Using the data that follows, output only the lines from the line with "Мне очень нравится" up to and including the line with "박성광이 사과를 먹는", exactly, leaving pictures aside.

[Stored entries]

....

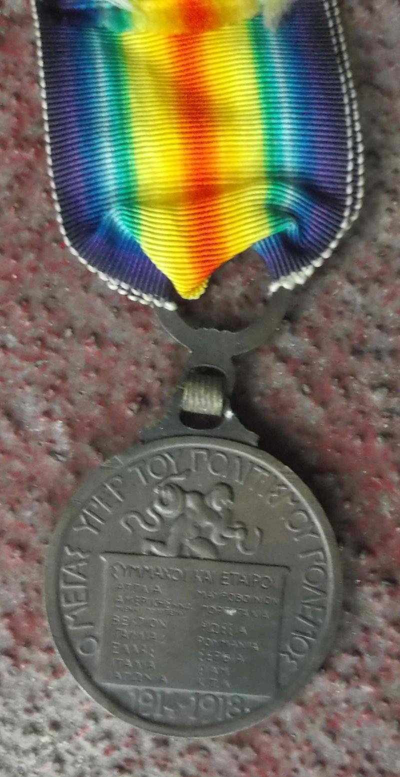 interesting version of the Inter-Allied Victory Medal. This one is a campaign medal issued by the Greek authorities, commemorating the Allied victory in the First World War. approx 1.4" diameter plus fittings and ribbon. reasonable condition.
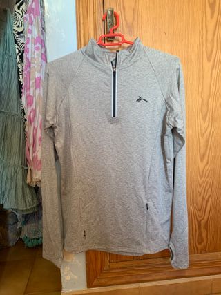 5 x camisetas de manga larga 4 x camisetas de manga corta 2 x pantalones cortos Ropa deportiva variada, algunas prendas sin estrenar y otras en buen estado con poco uso. Tallas pequeña y mediana. Camiseta deportiva de manga larga. Perfecta para actividades al aire libre o entrenamientos. - Cuello alto con media cremallera. - Logo de la marca en el pecho. - Pequeño bolsillo lateral con cremallera. - Puños con abertura para pulgar.
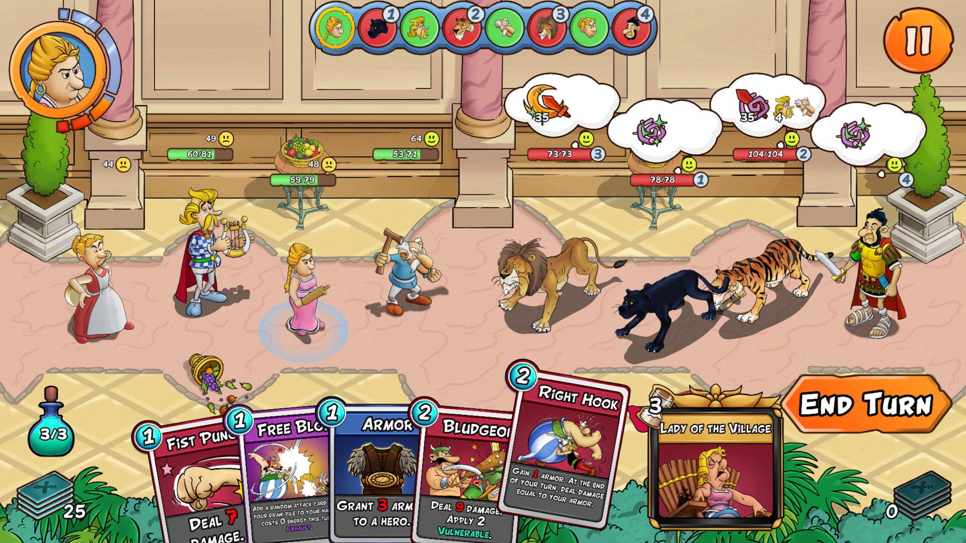 Мне очень нравится эта игра, но… Время ожидания анимации просто смехотворно, музыка может быть болезненной… я обычно просто выключаю ее, нет озвучки, а диалоги грубые, хотя все вроде бы в характере. Я также не понимаю, почему независимо от того, кто находится в вашей партии, Астерикс — это игрок, которого вы видите передвигающимся по игровому полю. Несмотря на все это, это длинный, веселый карточный батлер, и я бы полностью рекомендовал его тем, кому нравится этот жанр. Играть очень приятно, особенно когда вы используете синергетические комбинации карт и уничтожаете римлян. Кроме того, возможность открыть тонну персонажей без необходимости доплачивать за dlc — это замечательно. Есть тонны карт и множество причин вернуться к ним с разными персонажами и комбинациями карт. До того как попробовать эту игру, я ничего не знал об Астериксе и Обеликсе, но игра вдохновила меня на просмотр фильмов — банально, но весело. Теперь я хочу посмотреть комиксы, я знаю, что персонажи существуют уже давно. Я не думал, что получу от игры такое удовольствие, какое получил. Так что даже если вы не увлекаетесь французскими комиксами, я все равно рекомендую вам эту игру, если вы любитель колодостроения/карточных баталий.
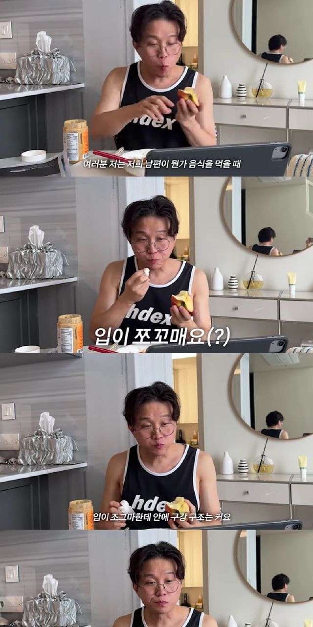 박성광이 사과를 먹는 모습을 보던 이솔이는 "남편이 음식을 먹을 때 입이 작다. 입이 조그마한데 안에 구강 구조는 크다"고 설명하더니 "입을 최대한 크게 벌려서 먹는데 그럼 얼굴이 다 꾸겨진다. 근데 그것도 왜 이렇게 귀여운 지 모르겠다"라며 팔불출 면모를 보였다.
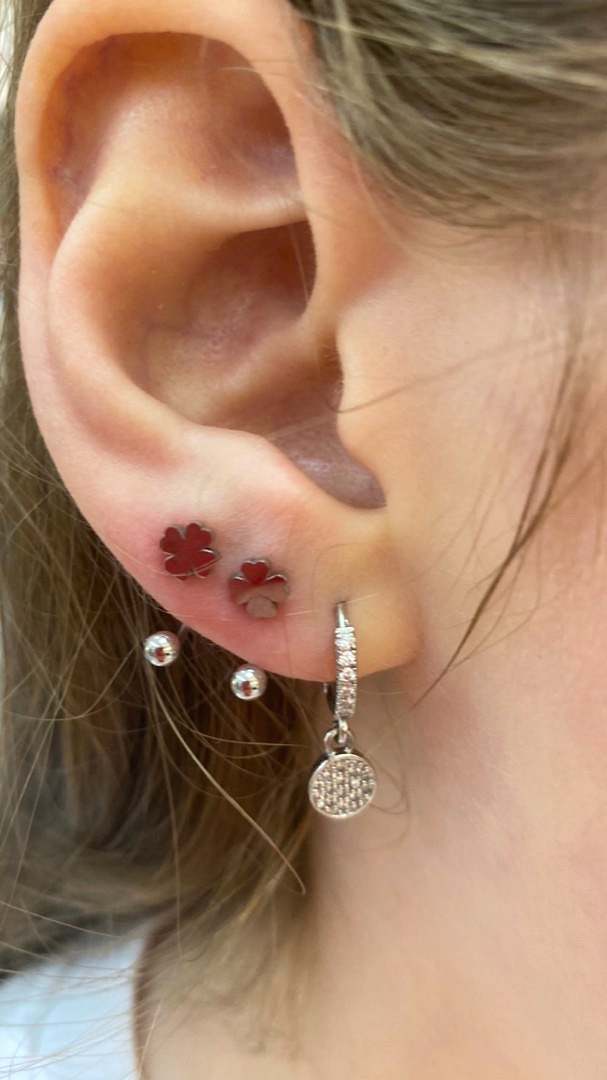 На следующем фото композиция из сережек подобрана под давний Pin-Up который сделан намного ниже положенного места, тут заказчик был настроен не зашивая старый неправильный добавить серьги так, чтоб было очень красиво и саму подборку сделать надо было для коллективного мероприятия с подругой. Часто подруги, в знак одинакового вкуса делают похожие композиции.
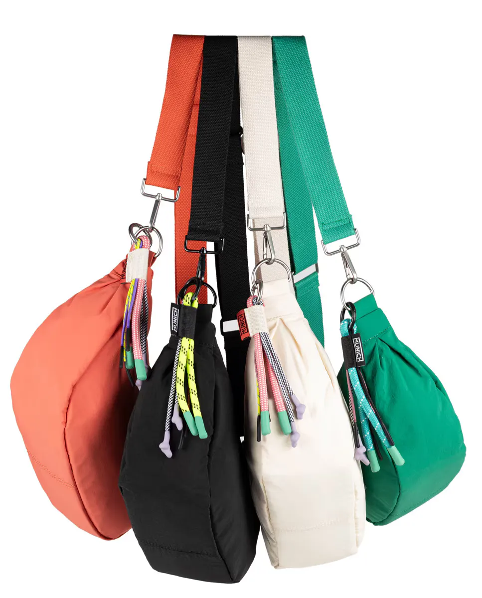 Сумка-хобо, изготовленная из переработанного полиамида. Основное отделение на молнии. Деталь с вынимаемым ключом на веревке сбоку. Регулируемые и съемные ручки из хлопка.
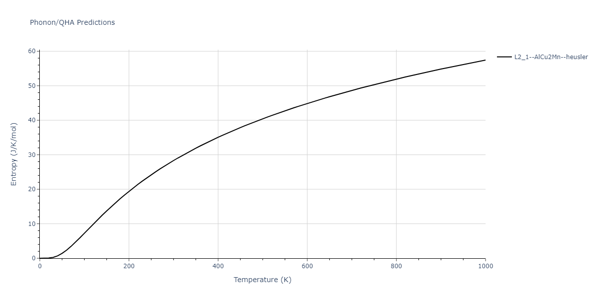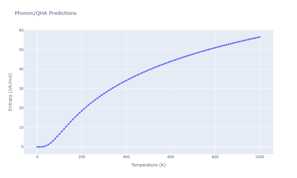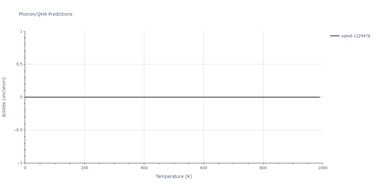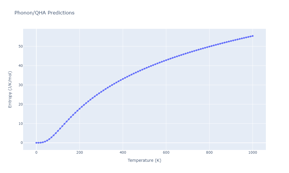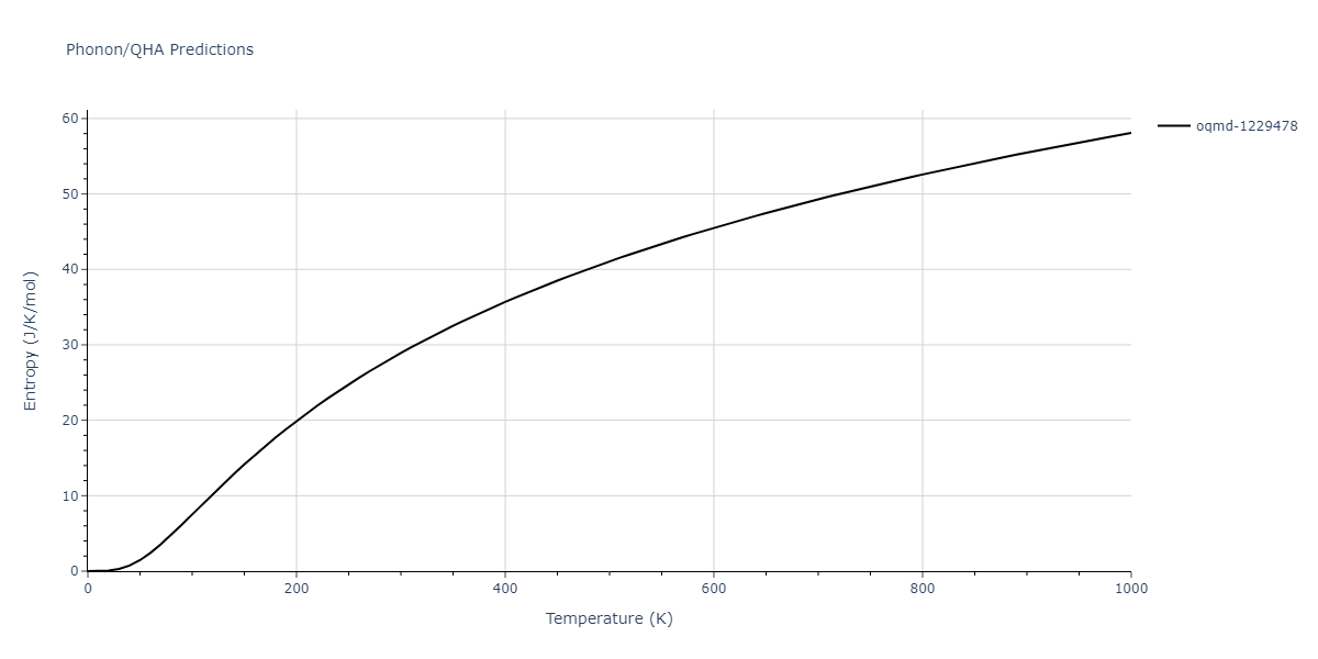 The Gibbs energies of the phases are estimated using thermodynamic integration between the interatomic potential in question and a simpler model with known Gibbs free energy values. For solids, the reference model is an Einstein solid, while for liquids it is the Uhlenbeck-Ford potential. Besides a short run at the start of the solid calculations to estimate Einstein model spring constants, the two calculations proceed similarly. Starting with the final relaxation configurations, the systems are stabilized for 25,000 steps. Then, over the next 50,000 steps the potential is swapped out for the reference potential. The system is then stabilized for another 25,000 steps with the reference model before a reverse swap of 50,000 steps is performed. The simulation ends with one final 25,000 step stabilization period. From the simulation, the irreversible work of transformation is estimated and used to compute the absolute Gibbs free energy of the target phase and potential relative to the reference potential. Entropy is estimated as the difference in enthalpy and Gibbs free energy and divided by temperature.
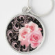 Rosa ros och Swirls Rund Silverfärgad Nyckelring
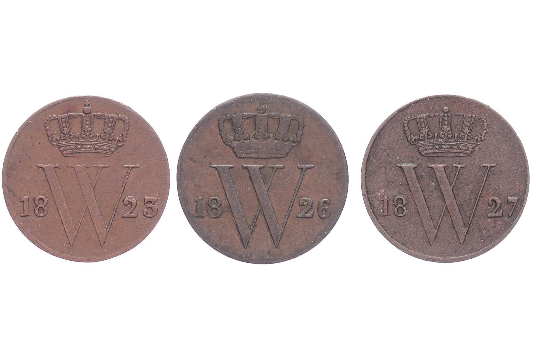 Lot (3) ½ Cent 1823 U, 1826 B en 1827 U Sch. 354, 371 en 357 Zeer fraai

....

*Solution for this task*
 Мне очень нравится эта игра, но… Время ожидания анимации просто смехотворно, музыка может быть болезненной… я обычно просто выключаю ее, нет озвучки, а диалоги грубые, хотя все вроде бы в характере. Я также не понимаю, почему независимо от того, кто находится в вашей партии, Астерикс — это игрок, которого вы видите передвигающимся по игровому полю. Несмотря на все это, это длинный, веселый карточный батлер, и я бы полностью рекомендовал его тем, кому нравится этот жанр. Играть очень приятно, особенно когда вы используете синергетические комбинации карт и уничтожаете римлян. Кроме того, возможность открыть тонну персонажей без необходимости доплачивать за dlc — это замечательно. Есть тонны карт и множество причин вернуться к ним с разными персонажами и комбинациями карт. До того как попробовать эту игру, я ничего не знал об Астериксе и Обеликсе, но игра вдохновила меня на просмотр фильмов — банально, но весело. Теперь я хочу посмотреть комиксы, я знаю, что персонажи существуют уже давно. Я не думал, что получу от игры такое удовольствие, какое получил. Так что даже если вы не увлекаетесь французскими комиксами, я все равно рекомендую вам эту игру, если вы любитель колодостроения/карточных баталий.
 박성광이 사과를 먹는 모습을 보던 이솔이는 "남편이 음식을 먹을 때 입이 작다. 입이 조그마한데 안에 구강 구조는 크다"고 설명하더니 "입을 최대한 크게 벌려서 먹는데 그럼 얼굴이 다 꾸겨진다. 근데 그것도 왜 이렇게 귀여운 지 모르겠다"라며 팔불출 면모를 보였다.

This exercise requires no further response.